- Khaptad Chhanna Rural Municipality छान्ना गाउँपालिका
- Coordinates: 29°27′17″N 81°11′53″E﻿ / ﻿29.4548°N 81.198°E
- Country: Nepal
- Province: Sudurpashchim Province
- District: Bajhang District

Government
- • Type: Local government
- • Chairperson: Uttam Bahadur Rokaya
- • Acting Chief Administrative Officer: Deepak Kumar Rawal

Area
- • Total: 113.52 km^{2} (43.83 sq mi)

Population (2011 census)
- • Total: 15,893
- • Density: 140.00/km^{2} (362.60/sq mi)
- Time zone: UTC+05:45 (Nepal Standard Time)
- Website: https://khaptadchhannamun.gov.np/

= Khaptadchhanna Rural Municipality =

Chhanna (छान्ना) is a Gaupalika (गाउपालिका) in Bajhang District in the Sudurpashchim Province of far-western Nepal.
Chhanna has a population of 15893.The land area is 113.52 km^{2}.

==Demographics==
At the time of the 2011 Nepal census, Khaptadchhanna Rural Municipality had a population of 15,903. Of these, 81.8% spoke Nepali and 18.2% Bajhangi as their first language.

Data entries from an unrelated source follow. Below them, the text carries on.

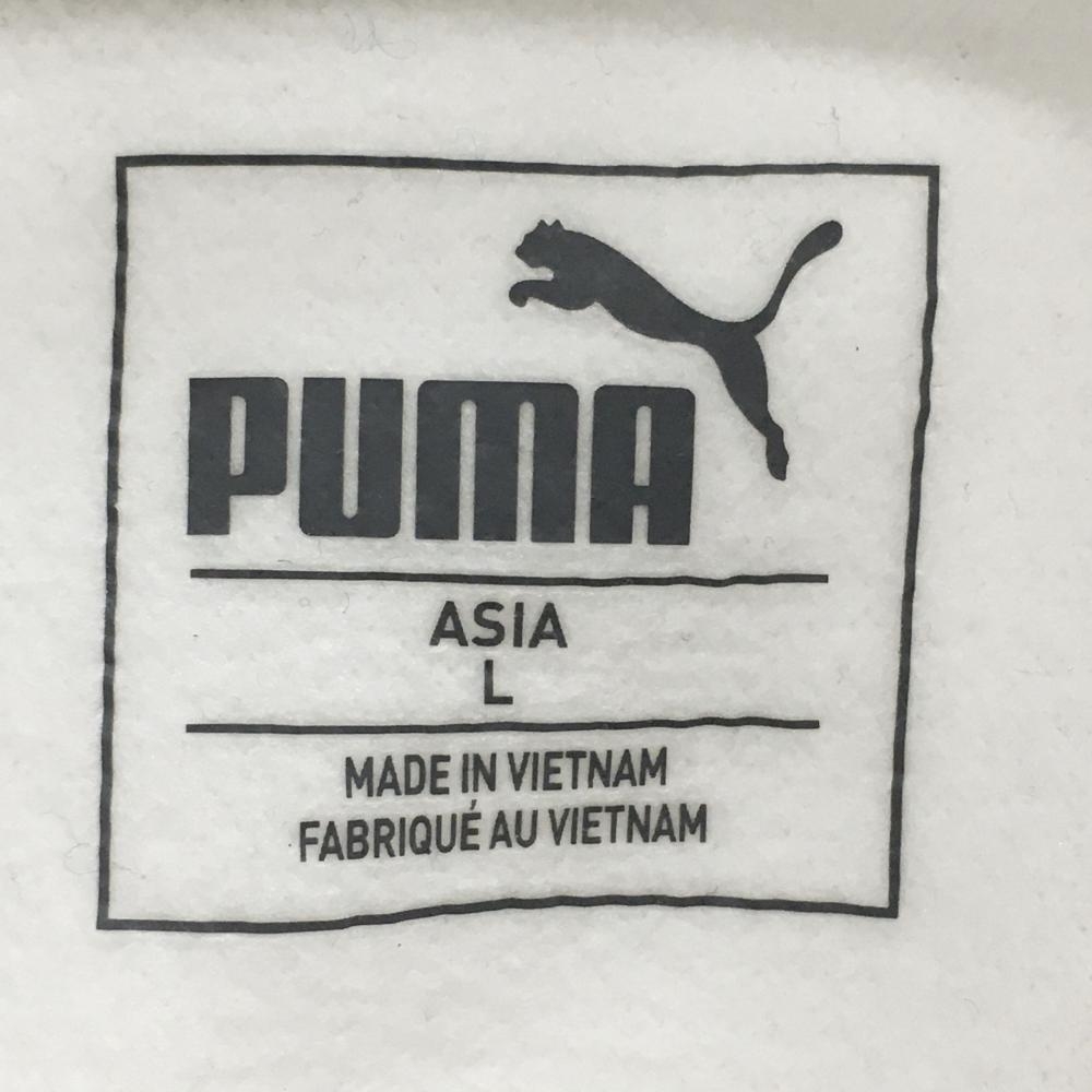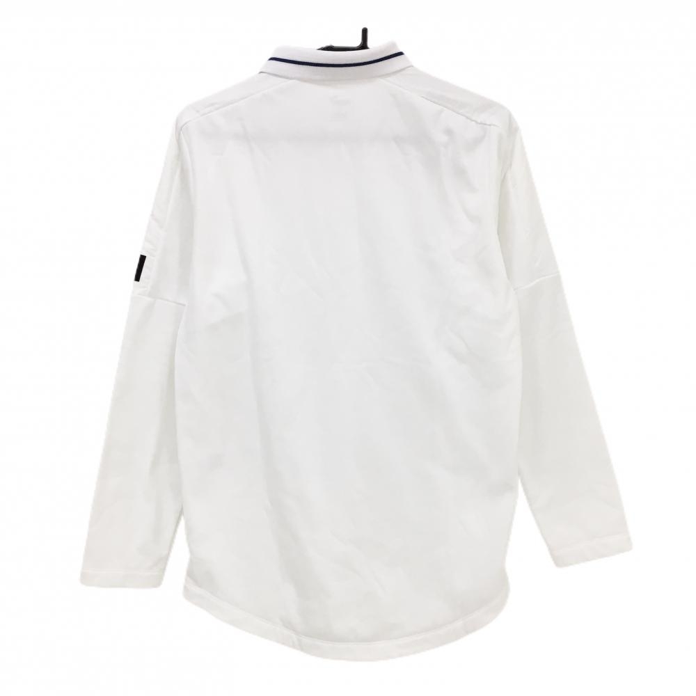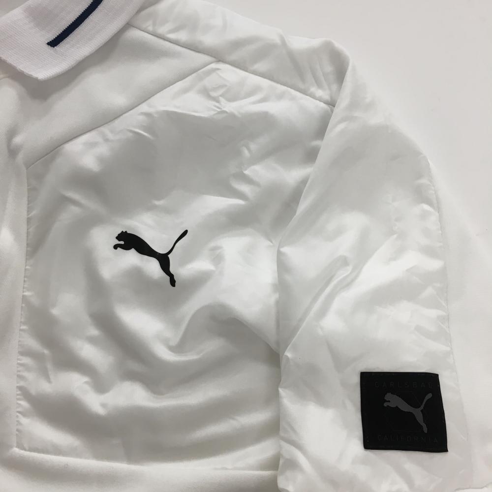 【超美品】プーマ 長袖ポロシャツ 白×ネイビー 胸元異素材切替 裏起毛 メンズ L ゴルフウェア PUMA
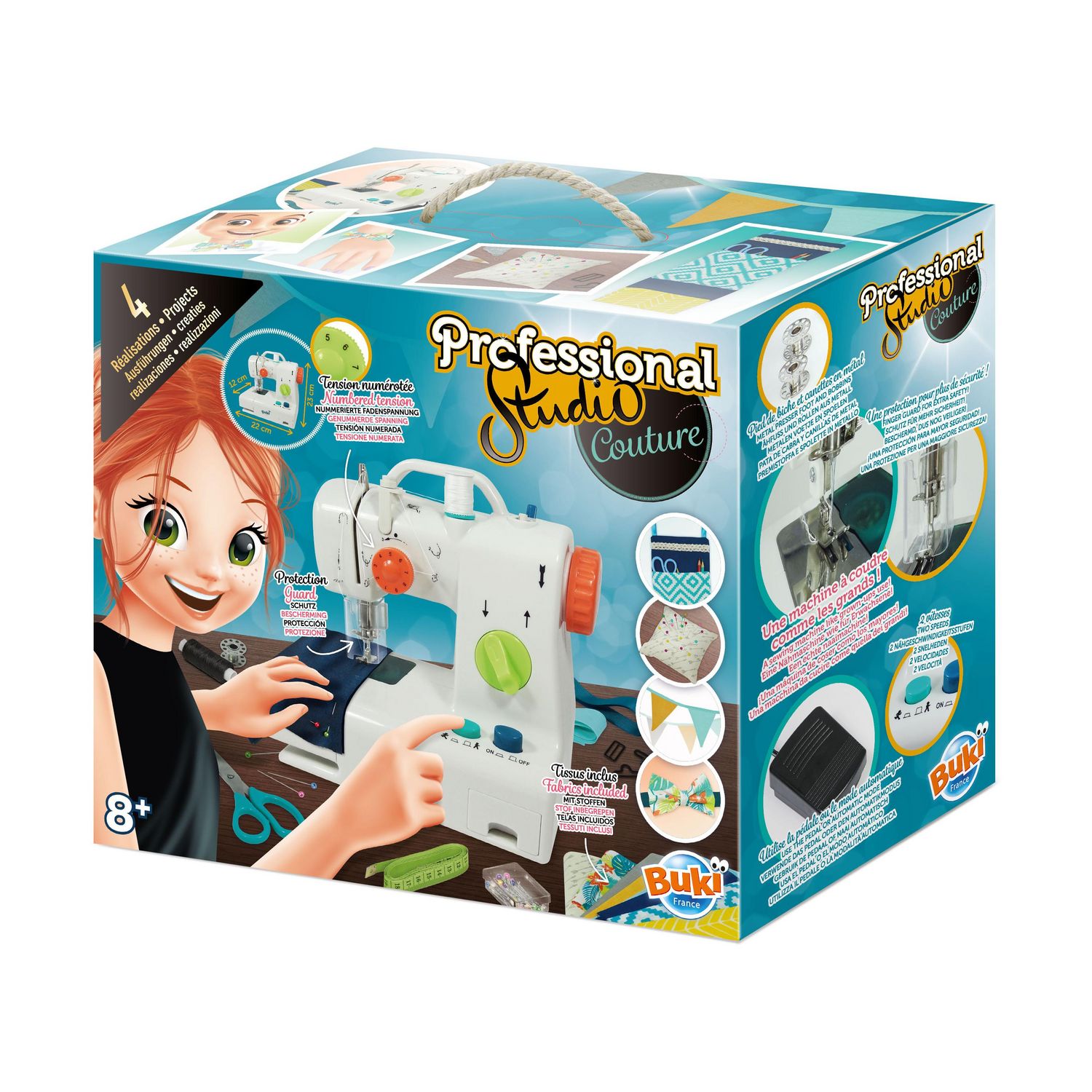 De nombreux accessoires dont des canettes en métal et des aiguilles de rechange pour la machine sont fournis. Les réalisations et les bases de la couture sont expliquées pas à pas dans une notice illustrée agrémentée de flashcodes pour accéder à des tutoriels vidéo !
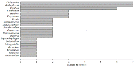 Figura 3 Número de especies de escarabajos coprófagos por género depositadas en la Colección Entomológica de la Orinoquia (CEO) de la Universidad Nacional de Colombia, sede Orinoquia, en Arauca, Colombia.
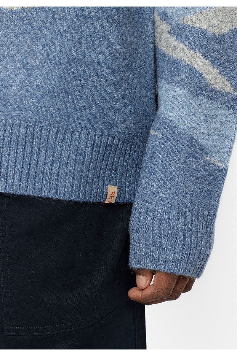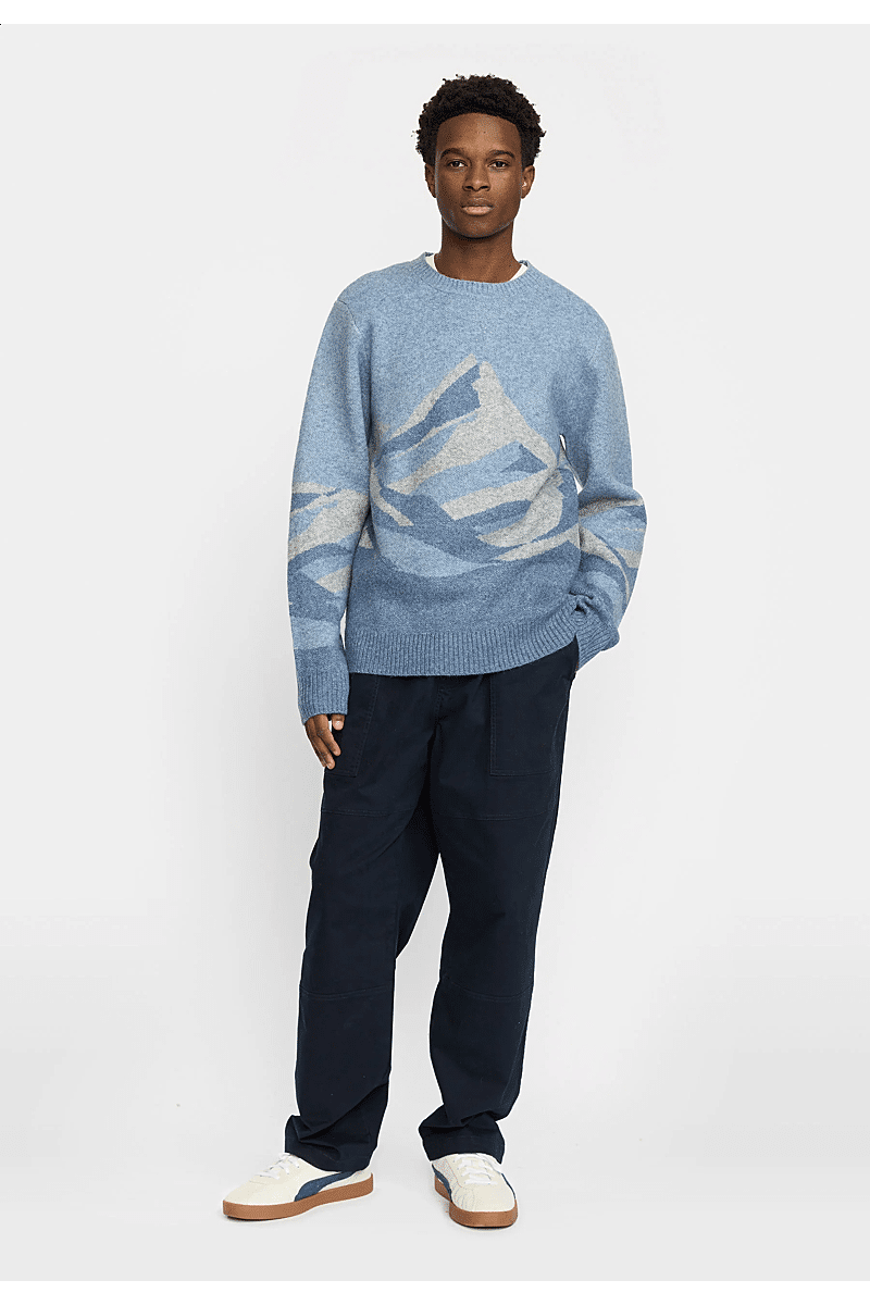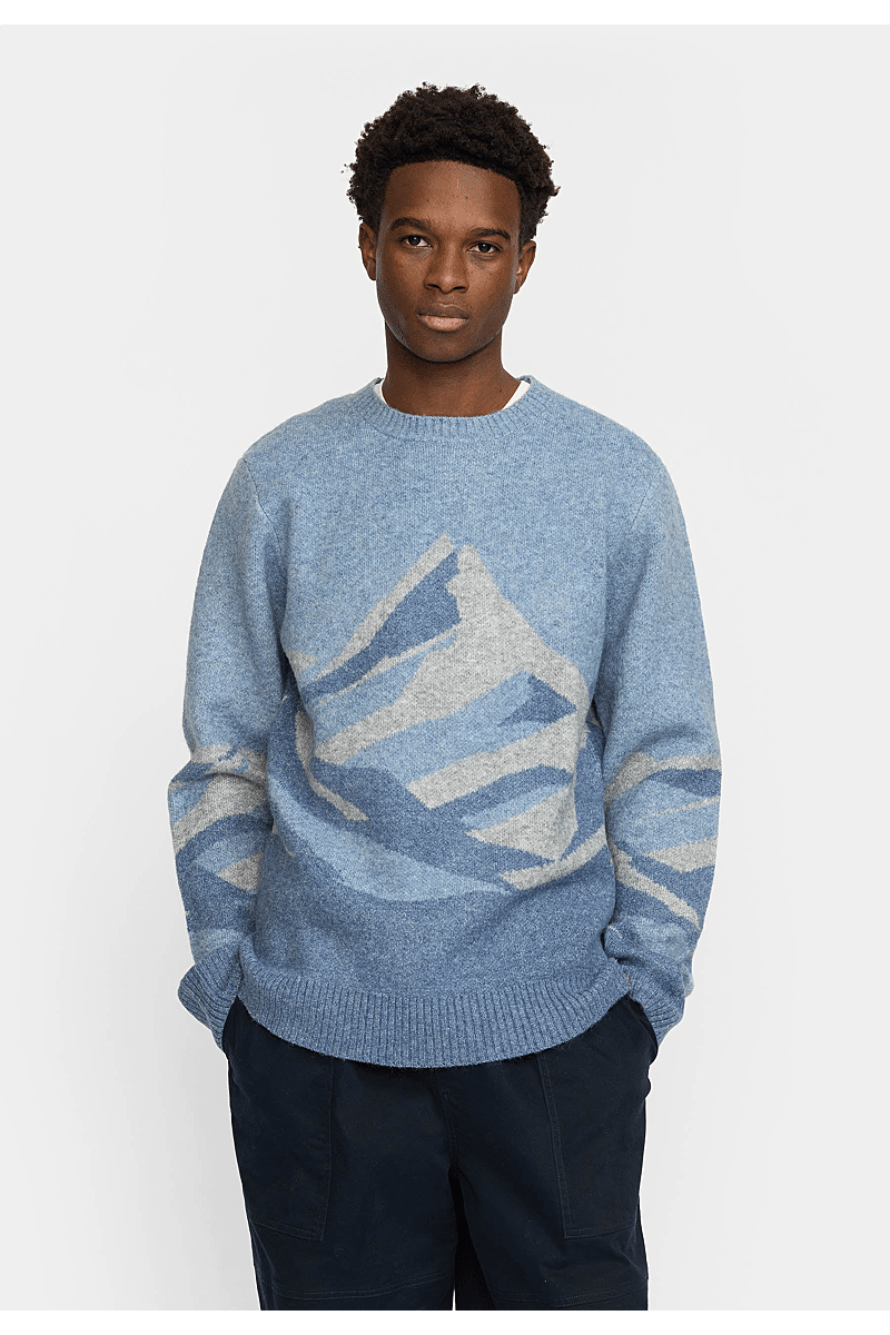 Deze comfortabele en dikke trui met ronde hals van Revolution is jacquardgebreid met een groot grafisch bergmotief in een verfijnd kleurenpalet. Een must-have voor het koude seizoen. Jacquard is een breitechniek waarbij complexe patronen in twee of meer kleuren in de stof kunnen worden gebreid. Het wordt meestal gebruikt om truien te maken met grootschalige patronen, ingewikkelde ontwerpen of gedetailleerde afbeeldingen. Omdat alle garens in de omgekeerde richting van elke rij worden gebreid, ontstaat er ook een product dat veel zwaarder, dikker en stijver is dan een trui die met een vlakbreitechniek is gebreid. Dit betekent dat een trui die met een jacquardtechniek in een maat 7 is gebreid, er net zo zwaar uitziet als een vlakgebreide trui die met een maat 3 is gebreid. Deze zware trui met normale pasvorm is gemaakt van een mix van acryl en gerecycled polyester en gebreid in dikte 7 en is perfect om je comfortabel te houden terwijl je de stedelijke omgeving verkent

In terms of ethnicity/caste, 57.8% were Chhetri, 13.5% Hill Brahmin, 10.7% Kami, 7.6% Thakuri, 3.3% Sarki, 2.8% Sanyasi/Dasnami, 1.6% Damai/Dholi, 1.0% other Dalit, 0.6% Badi, 0.3% Bengali, 0.3% Newar, 0.2% other Terai, 0.1% Rajput and 0.2% others.

In terms of religion, 99.9% were Hindu and 0.1% others.

In terms of literacy, 59.4% could read and write, 2.5% could only read and 38.1% could neither read nor write.